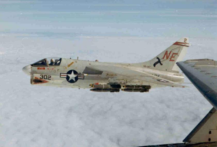 Vought A-7A Corsair II της VA-147 “Argonauts” από το USS Ranger πάνω από το Β. Βιετνάμ το 1968, με 12 Mk. 82 Snakeye. Οι «Αργοναύτες», σε όλη τους την ιστορία με τον ταιριαστό κωδικό κλήσης “Jason”, ήταν η πρώτη μοίρα που οδήγησε το Α-7Α στη μάχη το Νοέμβριο του 1967 στο Β. Βιετνάμ, η πρώτη που μετέπεσε στα ασύγκριτα ανώτερα Α-7Ε τρία χρόνια αργότερα, και – στην εποχή μας – η πρώτη που υιοθέτησε το περίφημο F-35C, μετά τα F/A-18C & -E, πάντα με έμβλημα το αρχαιοελληνικό ξίφος.
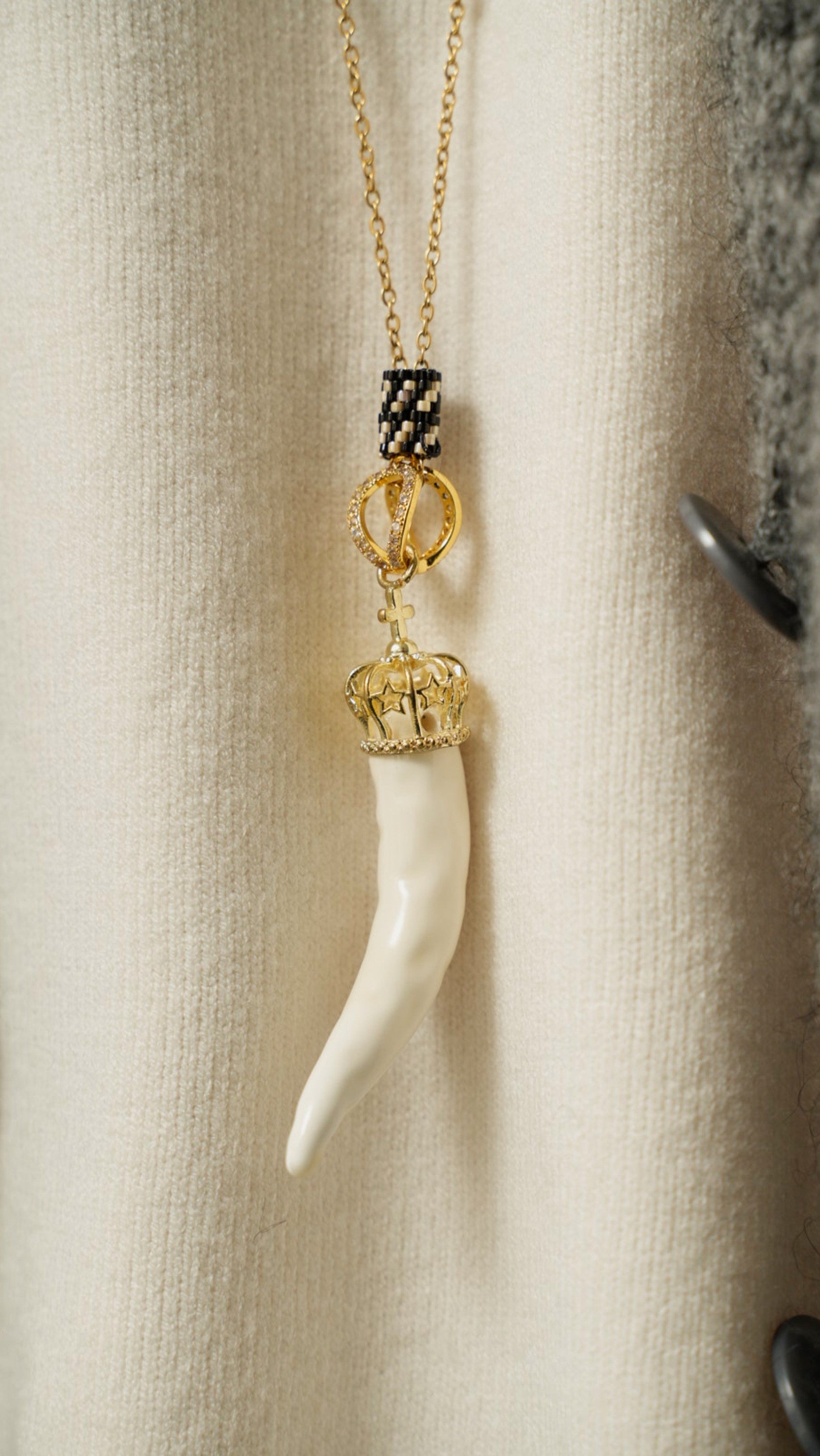 Collana realizzata a mano con catena in acciaio inossidabile, tubicino tecnica peyote e corno in ceramica.
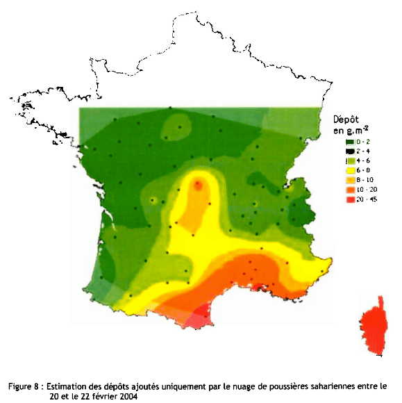 Important dépôt de sable du Sahara à Marseille - 21 février 2004 - Mathieu Camajore via Infoclimat
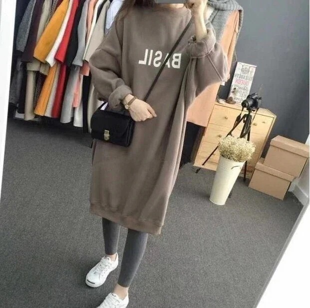 トレーナー 裏起毛フードつきのスウェットプルオーバーロングワンピー 春秋物 レディース 長袖 3色
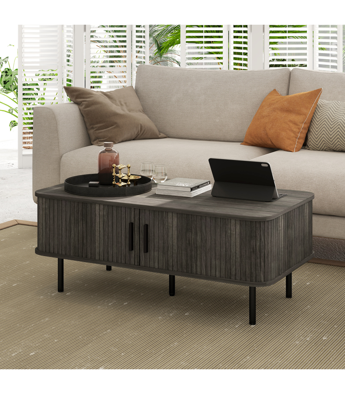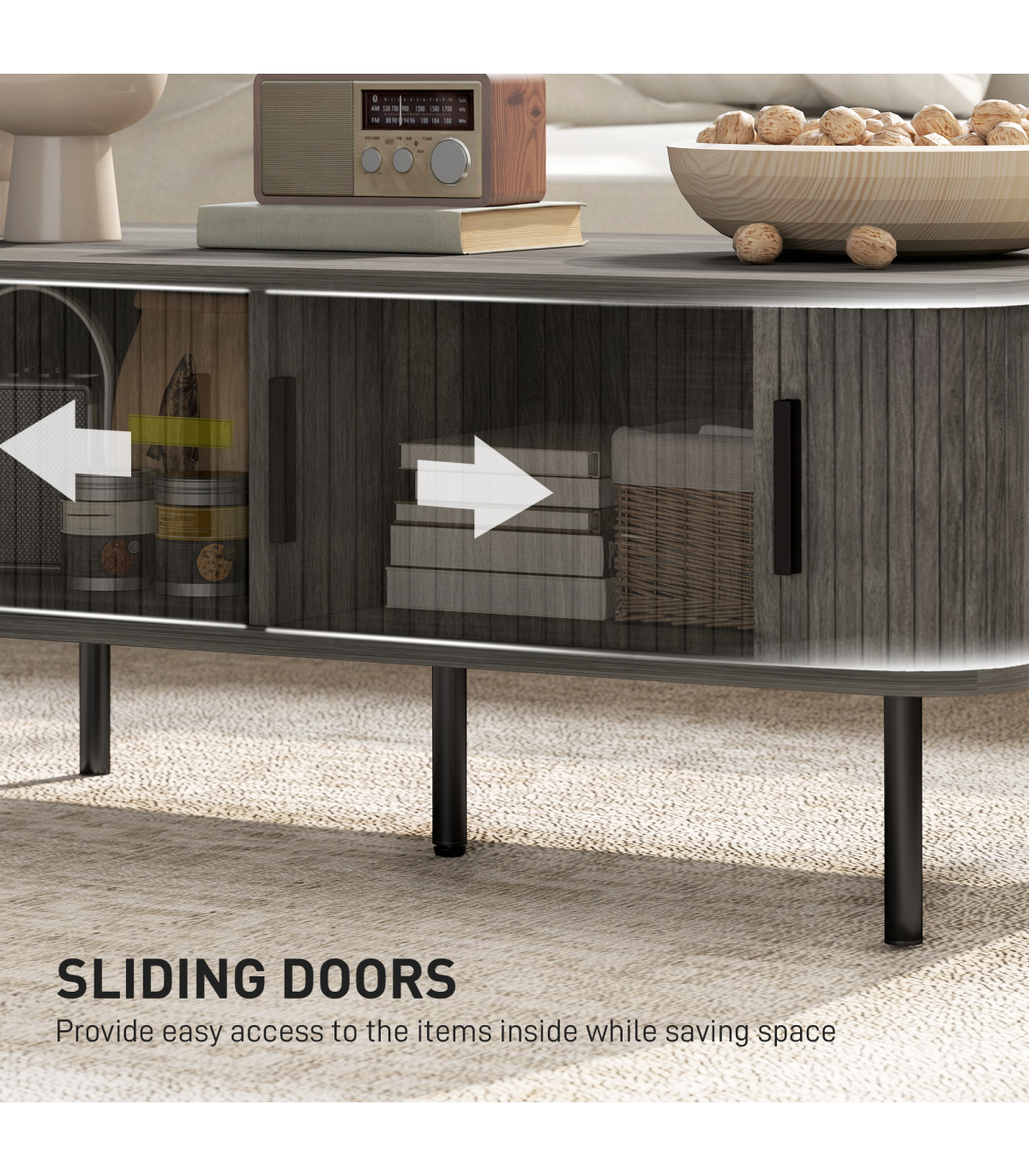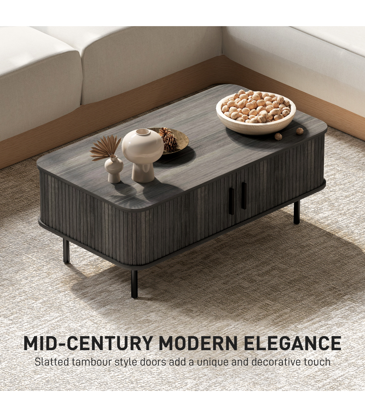 - Mid-Century modern style with slatted tambour doors adds a unique, decorative touch
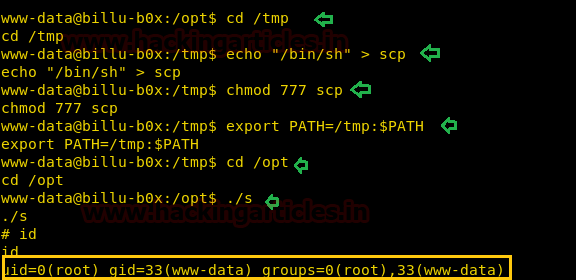 cd /tmp echo "/bin/sh" > scp chmod 777 scp export PATH=/tmp:$PATH cd /opt ./s id
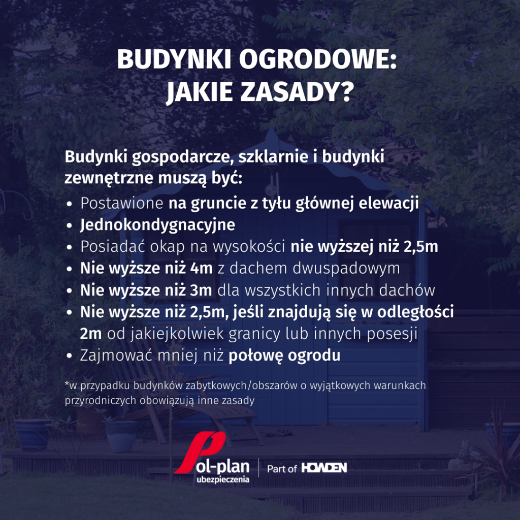 Budynek musi być oddzielony od głównego domu. Jeśli budynek ogrodowy znajduje się w odległości 2m od ogrodzenia sąsiada, to jego najwyższy punkt nie może przekroczyć wysokości 2,5m. Jeśli zaś ma stać dalej niż 2m od posesji obok, to można budować wyżej: maksymalnie do 4m z dachem dwuspadowym lub 3m dla każdego innego rodzaju dachu. W przypadku, gdy konstrukcja ma się znaleźć w odległości mniej niż 1m od ogrodzenia, to trzeba będzie wcześniej porozmawiać z sąsiadem.
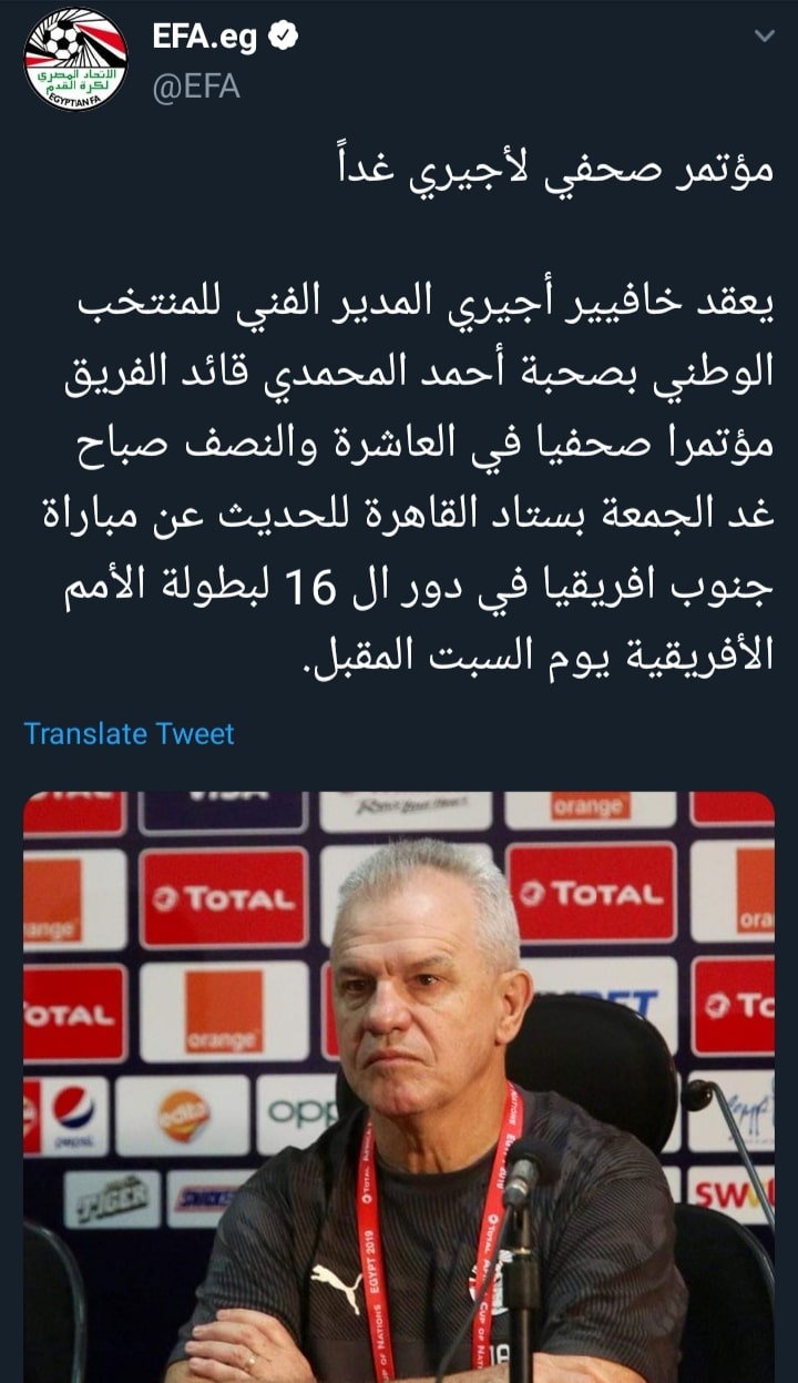 ونشر الموقع الرسمي، لمنتخبنا الوطني، عبر موقع التواصل الإجتماعي “تويتر”، تويتة تحمل موعد المؤتمر الذي يستضيفه ستاد القاهرة.
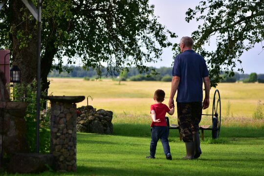 Elderly man holding grandson’s hand while walking in countryside garden with green grass and trees. Generational bond, family love, rural lifestyle.
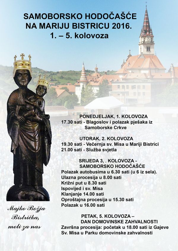 Samoborsko hodočašće na Mariju Bistricu 1. - 5. kolovoza 2016.
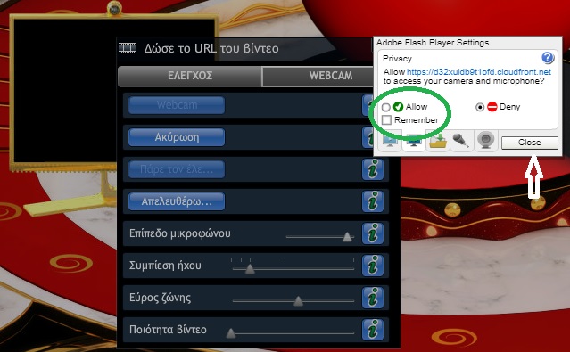 6.Βήμα: Σε αυτό το στάδιο αν χρησιμοποιείτε για πρώτη φορά την web tv , θα σας εμφανίσει ένα παράθυρο από τις ρυθμίσεις του Flash Player
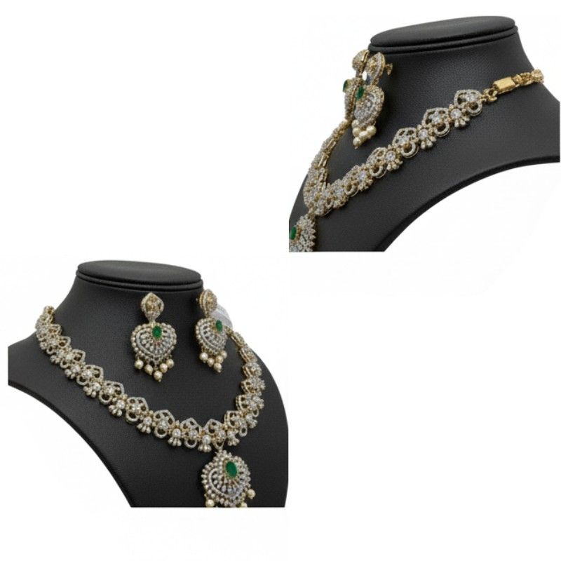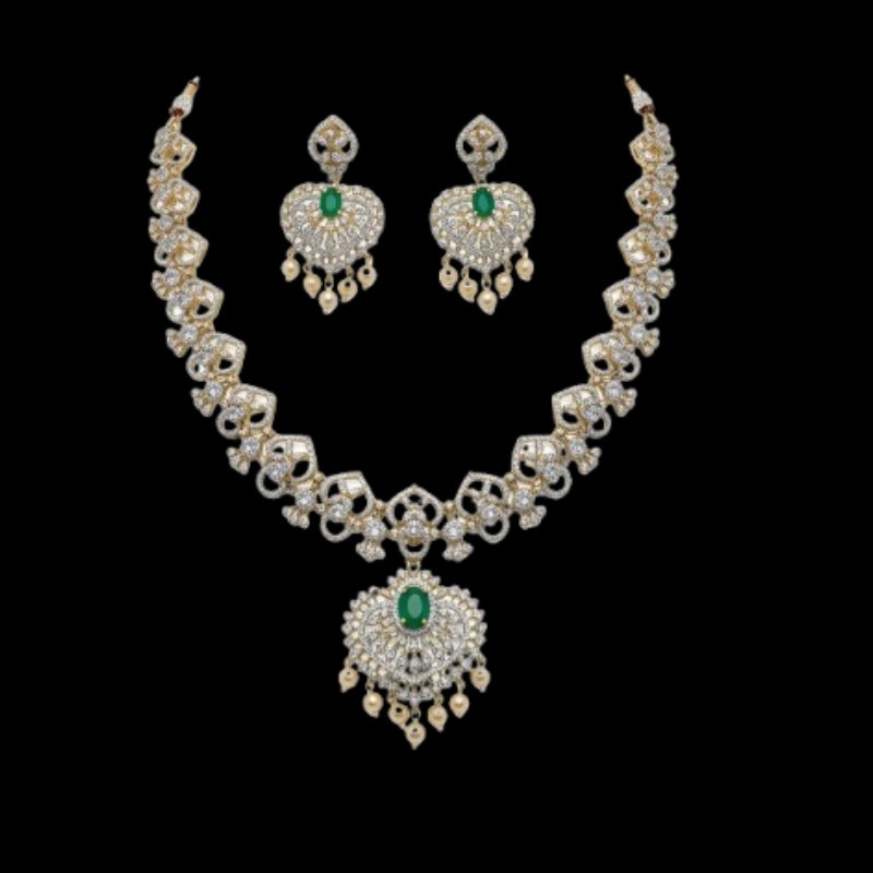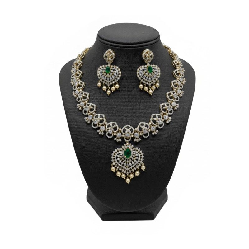 Discover stunning versatility with this premium jewelry ensemble. Crafted from hallmarked 925 sterling silver and coated in rich 22ct gold plating, this set offers a luxurious ‘diamond finish’ look. The design features sparkling cubic zirconia stones and vibrant semi-precious emerald accents, as seen in the image. A key feature is the large, intricate pendant which is fully detachable, allowing the wearer to style the necklace as a heavy collar piece or with the pendant attached for a statement look. The matching earrings are secured with traditional screw-style backs. This piece blends high quality materials with functional elegance, perfect for bridal wear or grand occasions.
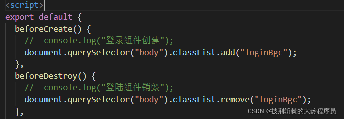 先自定义一个背景图样式的 class,然后在这个页面创建的时候给 body 加上这个背景样式,在页面销毁的时候将其移出就可以了,具体代码如下:
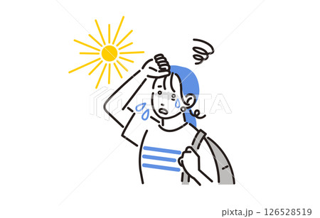 熱中症に悩む交通誘導員や作業員のアイコンのベクターイラスト素材/夏/熱中症/紫外線/セット
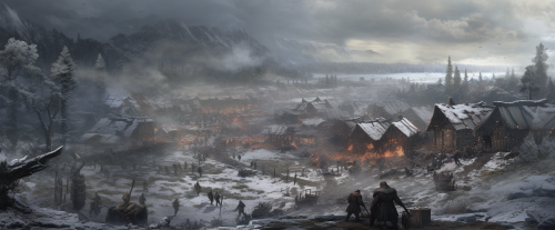 a vintage oil painting of a gingerbread house village in the snow --ar 16:9 --style raw

——

_WHAT IS REQUIRED_.
All pictures are to be skipped. Output, word for word, the lines in the data above starting at the line containing "ونشر الموقع الرسمي،" and ending at the line containing "6.Βήμα: Σε αυτό".

_EXPECTED OUTPUT_.
 ونشر الموقع الرسمي، لمنتخبنا الوطني، عبر موقع التواصل الإجتماعي “تويتر”، تويتة تحمل موعد المؤتمر الذي يستضيفه ستاد القاهرة.
 Elderly man holding grandson’s hand while walking in countryside garden with green grass and trees. Generational bond, family love, rural lifestyle.
 Samoborsko hodočašće na Mariju Bistricu 1. - 5. kolovoza 2016.
 6.Βήμα: Σε αυτό το στάδιο αν χρησιμοποιείτε για πρώτη φορά την web tv , θα σας εμφανίσει ένα παράθυρο από τις ρυθμίσεις του Flash Player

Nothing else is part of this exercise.